Work to be completed: Beginning at the line that contains "Bella is an" and finishing at the line that contains "<B>Republic Silver Pattern", output the data below exactly. Include both end lines and no pictures.

START The records

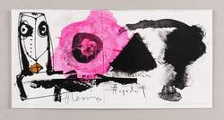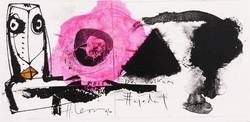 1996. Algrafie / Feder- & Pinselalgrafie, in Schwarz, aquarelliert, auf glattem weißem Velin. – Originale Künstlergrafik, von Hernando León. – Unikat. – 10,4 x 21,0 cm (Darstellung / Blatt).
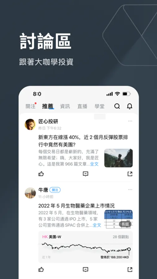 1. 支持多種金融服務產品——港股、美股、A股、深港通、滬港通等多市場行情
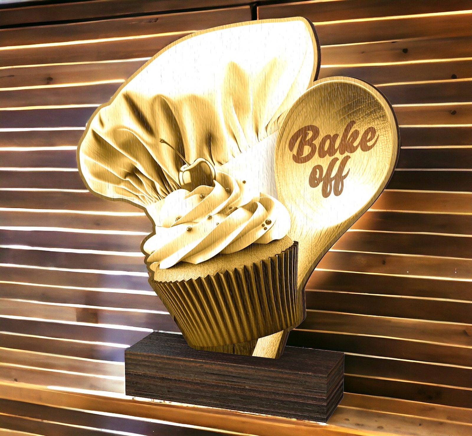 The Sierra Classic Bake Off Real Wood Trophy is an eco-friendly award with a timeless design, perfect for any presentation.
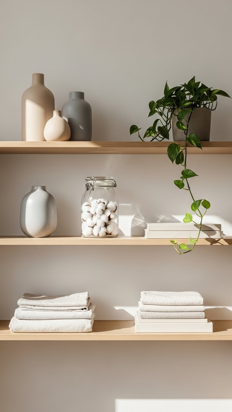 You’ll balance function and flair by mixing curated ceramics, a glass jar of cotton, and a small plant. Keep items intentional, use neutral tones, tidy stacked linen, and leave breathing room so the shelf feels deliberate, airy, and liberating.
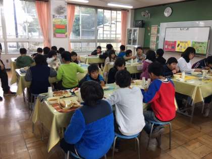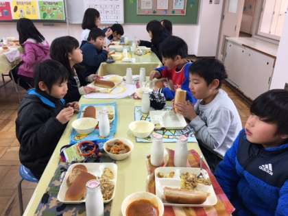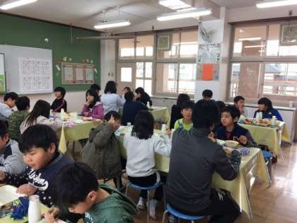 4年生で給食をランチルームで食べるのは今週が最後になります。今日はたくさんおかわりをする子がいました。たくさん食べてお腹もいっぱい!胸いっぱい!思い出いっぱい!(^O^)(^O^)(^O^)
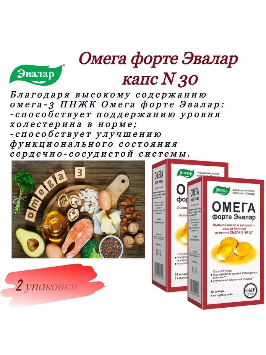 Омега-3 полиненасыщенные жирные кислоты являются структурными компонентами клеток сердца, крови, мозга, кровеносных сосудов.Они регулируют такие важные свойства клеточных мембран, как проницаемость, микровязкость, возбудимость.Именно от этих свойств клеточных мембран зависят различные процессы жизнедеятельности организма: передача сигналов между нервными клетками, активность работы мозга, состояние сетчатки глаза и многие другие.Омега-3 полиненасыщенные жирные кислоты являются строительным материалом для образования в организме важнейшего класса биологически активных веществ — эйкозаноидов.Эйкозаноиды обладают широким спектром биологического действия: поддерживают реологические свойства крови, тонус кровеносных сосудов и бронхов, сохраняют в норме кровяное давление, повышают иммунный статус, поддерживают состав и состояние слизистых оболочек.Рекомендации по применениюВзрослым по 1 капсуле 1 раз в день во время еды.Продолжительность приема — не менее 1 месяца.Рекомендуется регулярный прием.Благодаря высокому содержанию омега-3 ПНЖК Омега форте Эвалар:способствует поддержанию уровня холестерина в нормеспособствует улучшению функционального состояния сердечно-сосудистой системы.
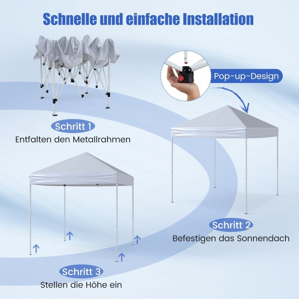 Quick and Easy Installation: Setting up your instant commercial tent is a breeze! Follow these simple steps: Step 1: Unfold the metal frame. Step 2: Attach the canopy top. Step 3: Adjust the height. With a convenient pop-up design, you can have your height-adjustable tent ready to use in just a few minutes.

END The records
START The records

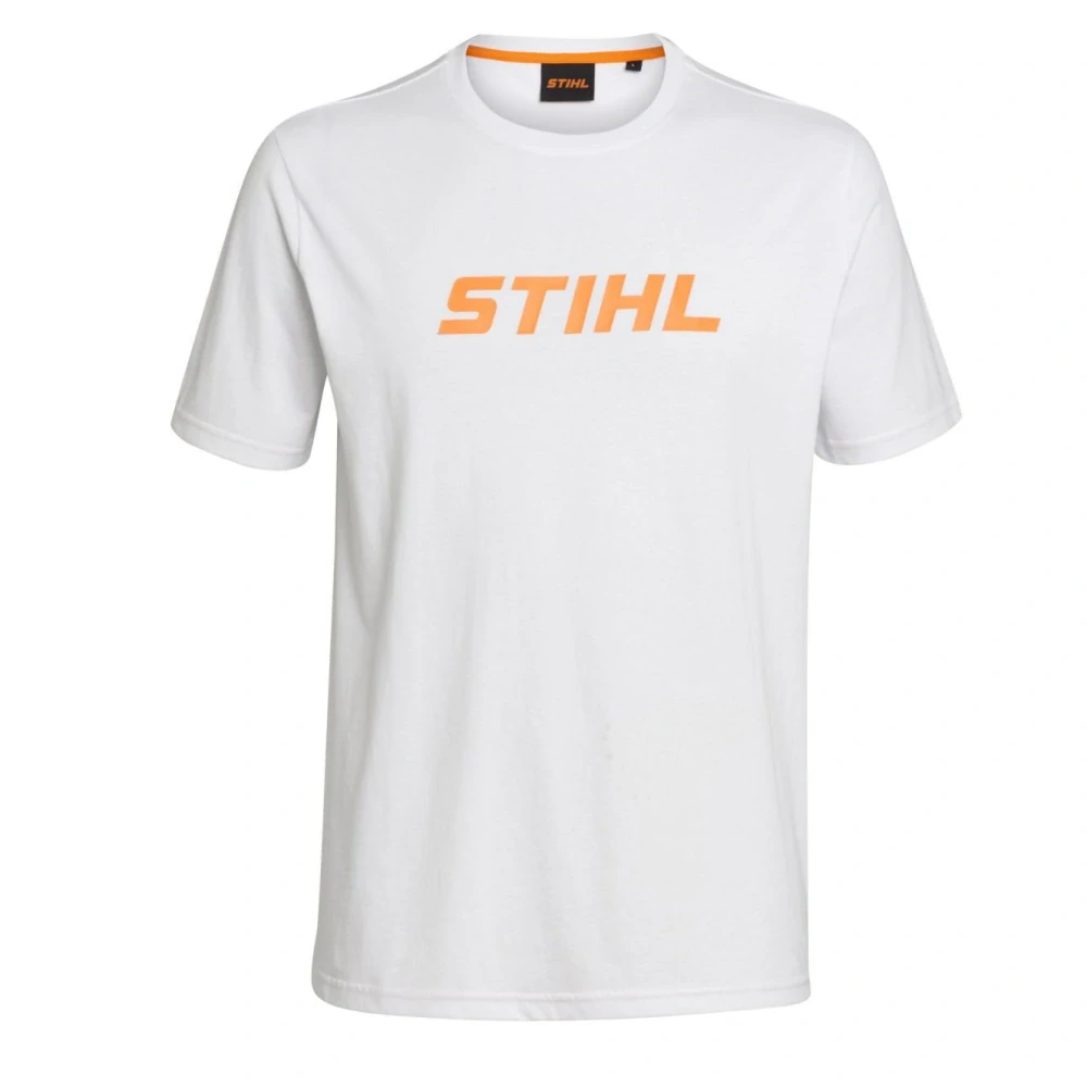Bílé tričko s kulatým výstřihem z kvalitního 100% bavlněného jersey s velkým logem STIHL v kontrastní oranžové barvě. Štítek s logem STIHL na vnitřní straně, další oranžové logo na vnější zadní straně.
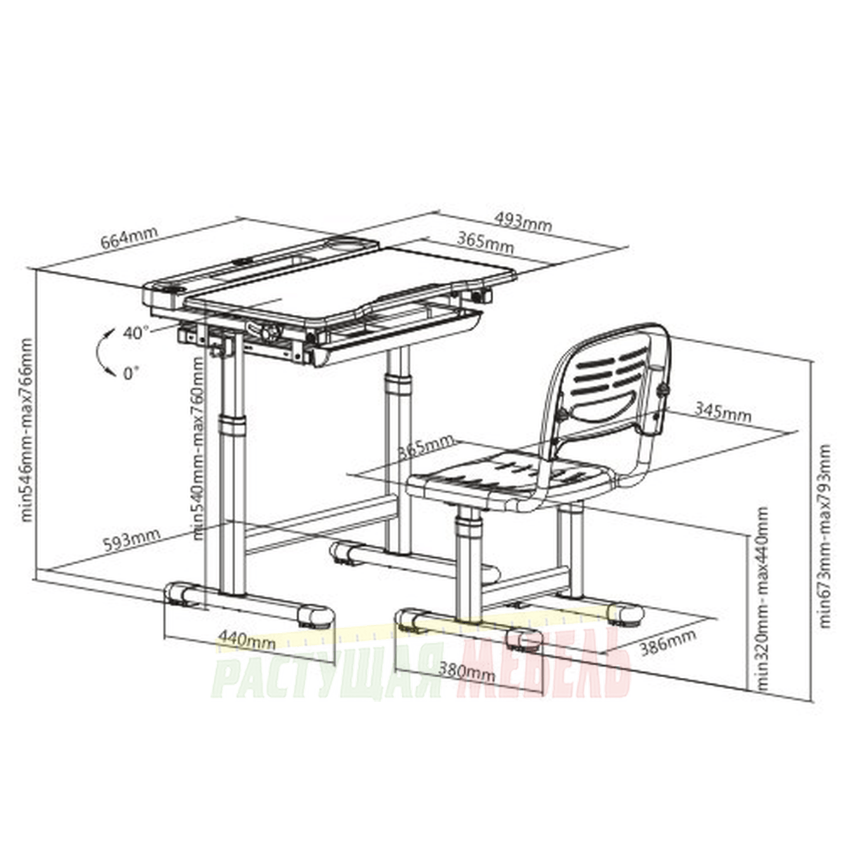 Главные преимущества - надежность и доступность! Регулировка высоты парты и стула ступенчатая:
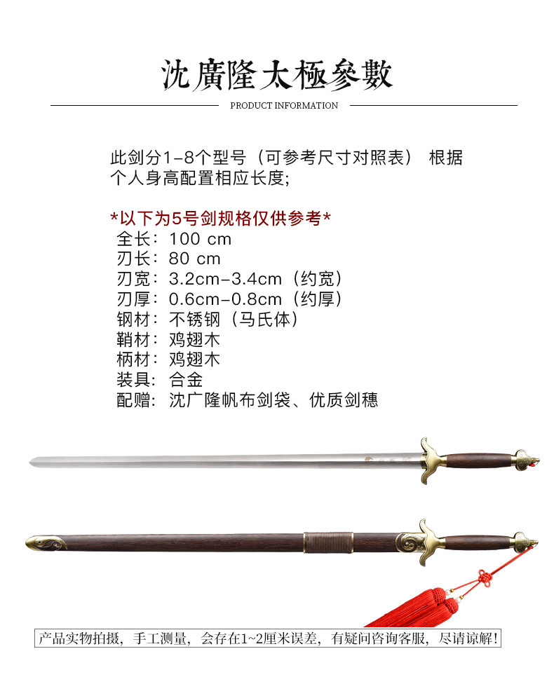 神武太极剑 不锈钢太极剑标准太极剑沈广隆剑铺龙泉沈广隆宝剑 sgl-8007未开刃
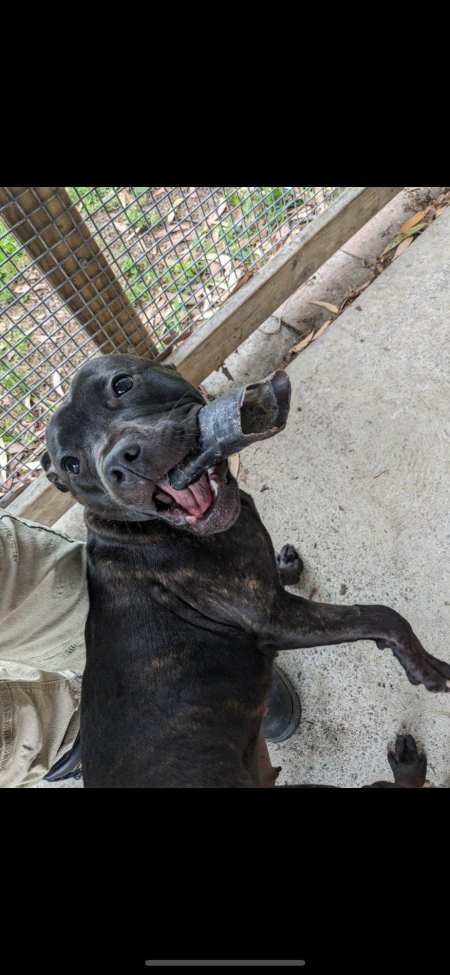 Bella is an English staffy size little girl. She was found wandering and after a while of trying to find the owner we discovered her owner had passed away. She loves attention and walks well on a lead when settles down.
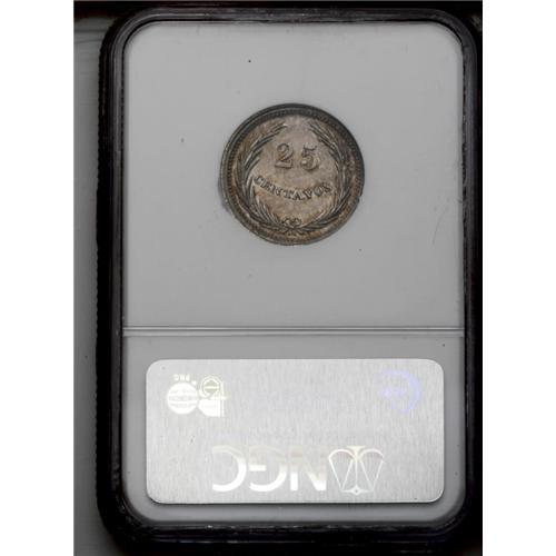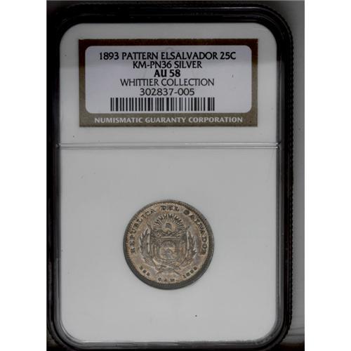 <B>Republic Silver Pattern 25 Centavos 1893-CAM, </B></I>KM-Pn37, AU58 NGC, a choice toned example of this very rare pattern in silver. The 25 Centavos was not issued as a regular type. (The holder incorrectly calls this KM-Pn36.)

END The records

Solution:
 Bella is an English staffy size little girl. She was found wandering and after a while of trying to find the owner we discovered her owner had passed away. She loves attention and walks well on a lead when settles down.
 <B>Republic Silver Pattern 25 Centavos 1893-CAM, </B></I>KM-Pn37, AU58 NGC, a choice toned example of this very rare pattern in silver. The 25 Centavos was not issued as a regular type. (The holder incorrectly calls this KM-Pn36.)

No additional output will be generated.